In boolean short-circuiting logic, for example firstBoolean && secondBoolean, if firstBoolean is false then the remaining part of the expression is ignored (the operation is short-circuited) because the remaining evaluation will be redundant. Similarly in firstBoolean || secondBoolean, if firstBoolean is true the remaining part is short-circuited.
Java 8 Stream short-circuit operations are not limited to boolean types. There are pre defined short-circuiting operations.
Java 8 stream intermediate and terminal operations both can be short circuiting.
Intermediate - limit()
Terminal - findFirst(), findAny(), anyMatch(), allMatch(), noneMatch()
This method takes one (long N) as an argument and returns a stream of size no more than N
Stream limit(long N) - Where N is the number of elements the stream should be limited to and this function returns new stream as output.
As soon as limit() reaches the maximum number of items, it doesn't consume any more items and simply returns the resulting stream. Hence, we say that limit() is a short-circuiting operation.
limit() returns the first n elements in the encounter order and not just any n elements.

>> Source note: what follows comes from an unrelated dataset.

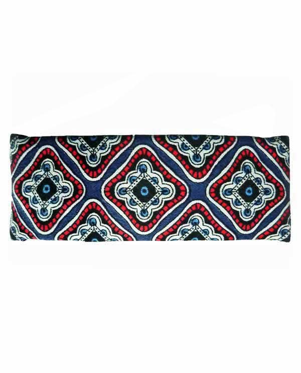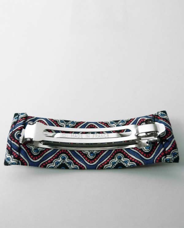 Une barrette à cheveux en forme de rectangle en tissu a motifs multicolores : bleu, blanc, rouge et noir, dans un style abstrait d'inspiration ethnique.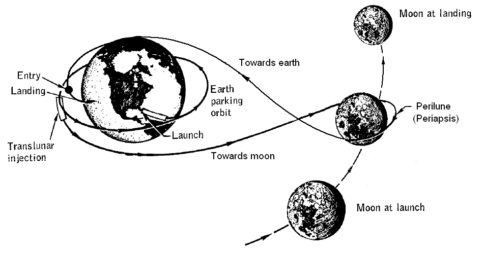 This is not a perfect launching site, but for missions to and back from the Earth Moon, it is sufficient. View the illustration on the right, that shows a mission to the Moon, first into Low Earth Orbit (LEO), then with a Translunar Injection (TLI) to the Moon.

This is an intermediate operation.
This is a good choice when working with infinite streams or infinite values.
limit() method is invoked after calling the terminal operation such as count() or collect() methods.
This returns a stream of elements with the size or max limit given.
This works well in sequential streams. Not suggested using in the parallel streams such as larger or higher in size.
maxSize can not be negative. If negative then it will throw IllegalArgumentException.
Optional findFirst()
Returns the very first element (wrapped in Optional object) of this stream and before traversing the other.
The terminal operation terminated on finding the first element, hence short-circuited.
findAny()
Returns an Optional instance which wraps any and only one element of the stream.
The behavior of this operation is explicitly nondeterministic; it is free to select any element in the stream. This is to allow for maximal performance in parallel operations; the cost is that multiple invocations on the same source may not return the same result. (If a stable result is desired, use findFirst() instead.
For a sequential stream there won't be any difference between 'findFirst' and 'findAny'. But for a parallel stream findAny will return 'any' element rather than waiting for the 'first' element.
boolean anyMatch()
Tests whether any elements of this stream match the provided predicate. This terminal method will return as soon as it finds the match and will not transverse all the remaining elements to apply the predicate.
boolean allMatch()
Tests whether all elements match the provided predicate. It may return early with false result when any element doesn't match first.
boolean noneMatch()
Tests whether no elements of this stream match the provided predicate. It may return early with false result when any element matches the provided predicate first.